The architectural rendering on display last week featured a 2,000 seat pavilion, without walls, but a roof covering the dirt track stretching 250 feet by 300 feet, and another roof covering the velodrome.
Because national championship BMX events attract up to 10,000 spectators, and during the last two years the event was stalled by rain in Salt Lake City and, of all places, Phoenix, having a roof is essential, said Don Dudley, a local architect working on the project.
Also, according to Kenth Fallen, a local BMX pro rider, there is no covered track in the nation at Albuquerque's elevation. Fallen, 27, began riding BMX at the Duke City track near Alameda and Fourth when he was 10, and is currently ranked 15th nationally in the top pro class.
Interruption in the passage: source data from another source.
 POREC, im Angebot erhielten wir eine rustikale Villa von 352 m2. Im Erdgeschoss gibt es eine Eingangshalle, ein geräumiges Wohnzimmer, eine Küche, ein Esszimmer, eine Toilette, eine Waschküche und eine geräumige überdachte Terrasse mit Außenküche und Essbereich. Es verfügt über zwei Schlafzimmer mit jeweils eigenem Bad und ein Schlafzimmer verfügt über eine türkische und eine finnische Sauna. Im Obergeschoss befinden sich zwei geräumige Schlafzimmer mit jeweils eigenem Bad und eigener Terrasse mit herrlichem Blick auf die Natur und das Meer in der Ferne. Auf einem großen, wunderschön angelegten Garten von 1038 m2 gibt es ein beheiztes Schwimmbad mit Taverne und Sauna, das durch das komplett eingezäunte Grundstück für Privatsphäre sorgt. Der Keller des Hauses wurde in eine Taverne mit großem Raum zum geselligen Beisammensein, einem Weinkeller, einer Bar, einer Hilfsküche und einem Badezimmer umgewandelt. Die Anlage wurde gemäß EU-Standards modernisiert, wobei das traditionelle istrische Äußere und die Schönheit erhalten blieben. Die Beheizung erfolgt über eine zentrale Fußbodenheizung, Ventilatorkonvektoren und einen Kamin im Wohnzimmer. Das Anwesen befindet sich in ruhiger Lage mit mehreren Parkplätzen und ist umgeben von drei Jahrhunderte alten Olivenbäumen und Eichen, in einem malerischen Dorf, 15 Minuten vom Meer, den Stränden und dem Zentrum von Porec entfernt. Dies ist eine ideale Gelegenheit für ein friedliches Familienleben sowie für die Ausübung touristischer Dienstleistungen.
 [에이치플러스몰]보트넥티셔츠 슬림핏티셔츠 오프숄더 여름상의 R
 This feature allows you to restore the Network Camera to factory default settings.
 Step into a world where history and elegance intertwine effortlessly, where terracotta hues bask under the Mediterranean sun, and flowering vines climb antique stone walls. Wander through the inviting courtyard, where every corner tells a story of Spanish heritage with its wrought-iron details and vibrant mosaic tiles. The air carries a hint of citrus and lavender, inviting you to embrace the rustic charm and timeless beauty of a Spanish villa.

His story reflects the bike park's real potential as a Mecca for professional riders. Although Fallen's income depends on dirt track racing, in 2003 he tried velodrome racing at the Olympic training facility in Colorado Springs and discovered his times in the short sprints were competitive with some of the elite riders.
Meanwhile, the Southwest Velodrome Association owns a disassembled velodrome track that was shipped to Albuquerque after the 1999 Pan Am Games concluded in Canada, and after several world records were set on it. The wooden track presently sits on an industrial lot near I-25, but with the new bike park gaining momentum, the prospect, finally, of rebuilding the track here seems to be gaining momentum as well.
The prospect of both a BMX track and velodrome attracting attention in Albuquerque has Fallen seeing endless possibilities. "I think BMX racing will explode here," said Fallen. "Velodrome isn't as popular, not yet anyway. In Europe and Japan, it's like monster trucks here, it's huge. With Isotopes Stadium out there, a lot more people will see what's going on."
Fallen said national competitions would be ideal in Albuquerque, as well, thanks to parking and nearby hotels. The roof on the facility "would look like a monster billboard in center field for Isotopes fans," he said.
While a fitness assessment center and other amenities can be retro-fit later, it seems the planning will be centered on which track gets built first, but judging from remarks at the press conference, the BMX complex is the favorite.
"With a covering, restrooms and other basic support infrastructure, they can do (BMX) nationals here in the Spring of 2006," said Reese.
"We're stepping up and investing in our natural resources and we're going to make money on this one," said the mayor. "It's a good investment for the taxpayers."
In June, the American Bicycle Association is organizing a three-day national BMX event at Tingley Coliseum that expects 1,200 riders and 3,500 spectators from North America. John said he also hopes the event will attract local interest and signal a bright future for BMX racing in Albuquerque for years to come. "That's why we're doing it here," he said.